_TASK STATEMENT_
The lines to output run from the first line of the entries below through the line containing "For more information"; copy them exactly and leave out pictures.

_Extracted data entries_
┌────────
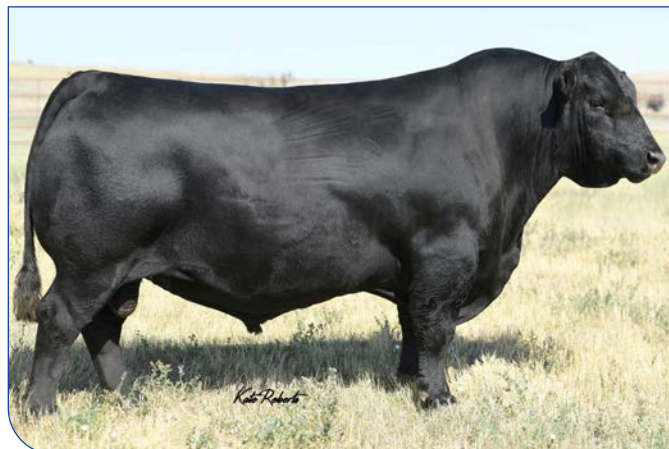
KCF Bennett Summation - Sire of Lot 28
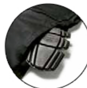
KNEE PAD POCKET
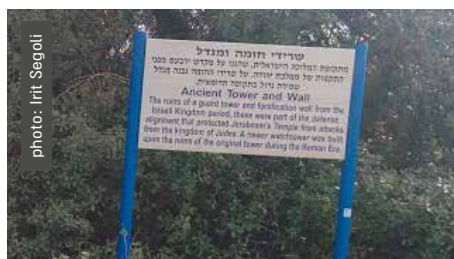
A new sign says "Remains of the early Zionist settlement period", 7.2.2018

The old sign, "Produce shed" has been discarded and replaced by the more recent sign
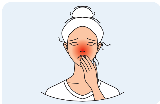
Secreción Nasal Runny Nose
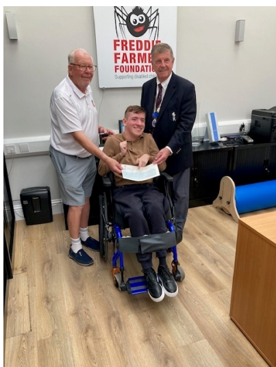
The Captain presents a cheque to the Freddie Farmer Foundation.

For more information on this school and it's work please visit https://www.riversideschool.org.uk/
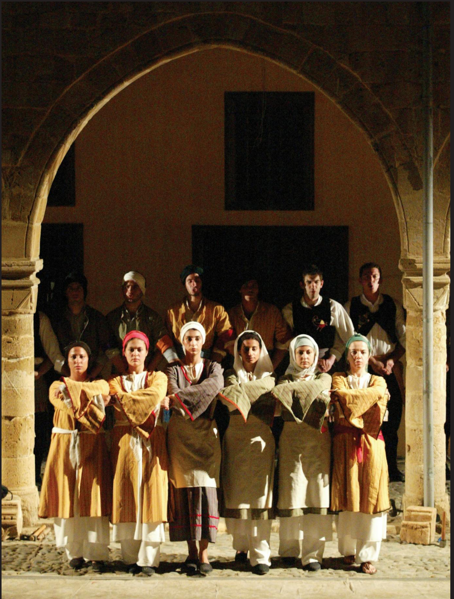
The Ballad of the Bridge at the Axiothea Mansion.
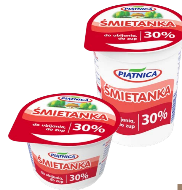
Cream 30% 200 g / 400 g

Cream is a versatile product, essential in every kitchen. The original preparation process and semi-liquid consistency enables it to be whipped extremely quickly, creating a fluffy base for layering and filling cakes and pastries as well as decorating other dishes.
└────────
_ANSWER BOX_
KCF Bennett Summation - Sire of Lot 28
KNEE PAD POCKET
A new sign says "Remains of the early Zionist settlement period", 7.2.2018

The old sign, "Produce shed" has been discarded and replaced by the more recent sign
Secreción Nasal Runny Nose
The Captain presents a cheque to the Freddie Farmer Foundation.

For more information on this school and it's work please visit https://www.riversideschool.org.uk/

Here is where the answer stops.